A large-scale study compared DT MRI histogram-derived findings from PPMS patients with those from SPMS patients and healthy subjects [62] (Fig. 2). Average MD of lesions, NAWM and GM were significantly higher in SPMS than in PPMS patients, while FA histogram-derived quantities did not significantly differ between the two groups. The clinical and radiological 15-month follow-up of these patients showed that DT MRI abnormalities of the GM worsen over time [64], and that the severity of diffusion abnormalities in the GM at baseline predicts disability accumulation at 5 years [66]. Recently, Mesaros et al. [47] have investigated whether conventional and DT MRI measures of thalamic damage are predictive of medium-term disability accumulation in patients with PPMS. This study demonstrated that average NAWM MD at baseline and FA thalamic change during the first 15 months of the study were independent predictors of EDSS score deterioration after 5 years.
Topography of damage
Using a voxel-based approach, a study [15] evaluated the distribution of WM and GM damage in PPMS patients, and showed the presence of DT MRI abnormalities in brain areas associated with motor and cognitive functions (Fig. 3).
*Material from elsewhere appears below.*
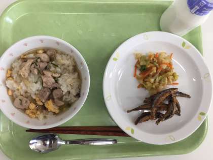 献立 鶏飯(けいはん) きびなごのごま揚げ 白菜のおかか和え 牛乳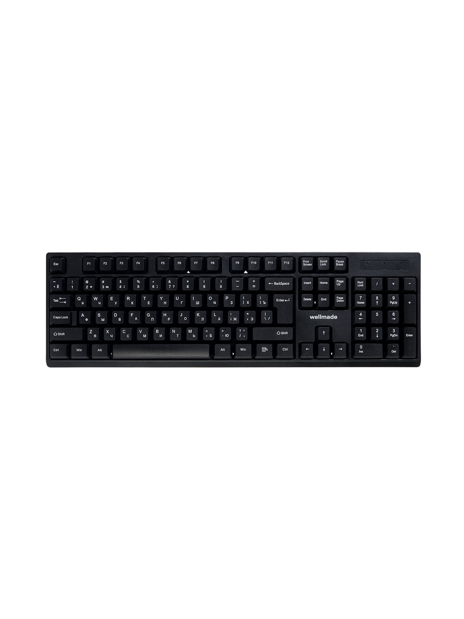 Интерфейс: Bluetooth 5.2, Type-C, USB Type-A Размер упаковки: 14 x 3.5 x 51 см. Гарантийный срок, мес.: 12 tnved: 8471606000 Температурное ограничение: Нет Тип сенсора: Оптический Механизм клавиш: Мембранная Разрешение сенсора, dpi: 1200 Подсветка: Нет Беспроводное соединение: Да Цвет: Чёрный Количество клавиш: 105 Количество кнопок мыши: 3 Игровой: Нет Комплект клавиатуры и мыши WELLMADE KM02 это стильное и функциональное решение для комфортной работы дома и в офисе. Эргономика и современный дизайн делают его удобным для ежедневного использования, сочетая практичность и эстетику. Клавиатура оснащена 105 клавишами с мембранным механизмом, обеспечивающим мягкий и тихий ход клавиш. Цифровой блок облегчает ввод числовых данных, а оптимальная раскладка снижает усталость при длительной работе. Мышь с оптическим сенсором и разрешением 1200 dpi гарантирует точное управление курсором и плавное движение по любой поверхности. | ||

This supports the notion that the assessment of regional damage using DT MRI may be more rewarding than that of “global” brain damage for gaining an insight into the relationship between clinical status and pathological disease burden in MS. Bodini et al. [8] investigated the relationship between damage occurring in the NAWM and GM in patients with early PPMS and found 11 brain regions with an anatomical correspondence between reduced NAWM FA values and GM atrophy, supporting a link between pathological processes occurring in the NAWM and GM of these patients.
Cervical cord
Diffusion MRI of the spinal cord is technically more challenging than that of the brain, and diffusivity studies of this structure are, therefore, scanty. Nevertheless, the development of novel DT MRI sequences has made it possible to obtain accurate estimates of the extent of damage to this CNS region. Patients with PPMS have abnormal diffusivity and anisotropy of the cervical cord [1]. A 2-year follow-up study of a relatively large cohort of MS patients (including 13 patients with RRMS, 14 with SPMS, and 15 with PPMS) using conventional and DT MRI of the cervical cord [2] showed that the cord area decreased during follow-up at a similar rate in the three patient groups. An increase in average MD and a decrease in average FA of the cord were also observed in these patients. While the increase in MD was independent of clinical phenotype, the decrease in FA was associated with patient age (being higher in younger patients) and clinical phenotype (being more marked in PPMS patients than in those of the other two groups).
1H-MRS
Basic principles
Proton MR spectra of human brain tissue at long echo times reveal four major resonances [69]: one from choline-containing phospholipids (Cho), one from creatine and phosphocreatine (Cr), one from N-acetyl-aspartate (NAA) and one from the methyl resonance of lactate (Lac). NAA is a marker of neuroaxonal integrity, and Cho and Lac are thought to be the biochemical correlates of inflammation and demyelination. 1H-MRS studies in MS have shown that NAA levels are reduced both in lesions and NAWM [69], and are significantly correlated with patient clinical disability. 1H-MRS data have emphasized the so-called “axonal hypothesis”, i.e. the notion that a progressive loss of axons is one of the key factors underlying the irreversible accumulation of disability in MS.
1H-MRS studies of PPMS
Single-voxel and multivoxel studies
The majority of the 1H-MRS studies in PPMS patients [23, 24, 43, 55, 73] have been conducted with single-voxel or multivoxel imaging techniques. Despite differences in patient selection and study design, 1H-MRS data obtained from PPMS patients show consistently that NAA levels are decreased significantly in the NAWM of these individuals in relation to the WM of healthy controls. Comparisons of 1H-MRS findings between patients with PPMS and those with other disease phenotypes did not show any significant group difference in terms of lesional and NAWM levels of NAA and other metabolites [24, 43, 55, 73, 79], with the exception of a single study [73] that found higher lesional and NAWM Cho/Cr values in PPMS than in RRMS patients. Only a minority of available 1H-MRS studies of PPMS [24, 43, 73] have sought to correlate metabolite values with disability, and no significant clinical/1H-MRS relationship has been reported, with the exception of a study by Suhy et al. [73], who assessed 12 PPMS patients and found a correlation between NAWM NAA/Cr and the EDSS score (r 2 = 0.67).
New developments
The development of an unlocalized 1H-MRS sequence for measuring NAA levels in the whole brain has confirmed the presence of marked neuroaxonal pathology in patients with PPMS [63]. No correlation has been found between whole-brain NAA concentration and volume of T2-visible lesions, confirming that T2-visible lesions represent just a small component of overall neuroaxonal injury in this MS phenotype. Metabolite abnormalities, including decreased NAA and glutamate, have been shown in the cortex of patients with early PPMS and have been found to be correlated with the EDSS score [71].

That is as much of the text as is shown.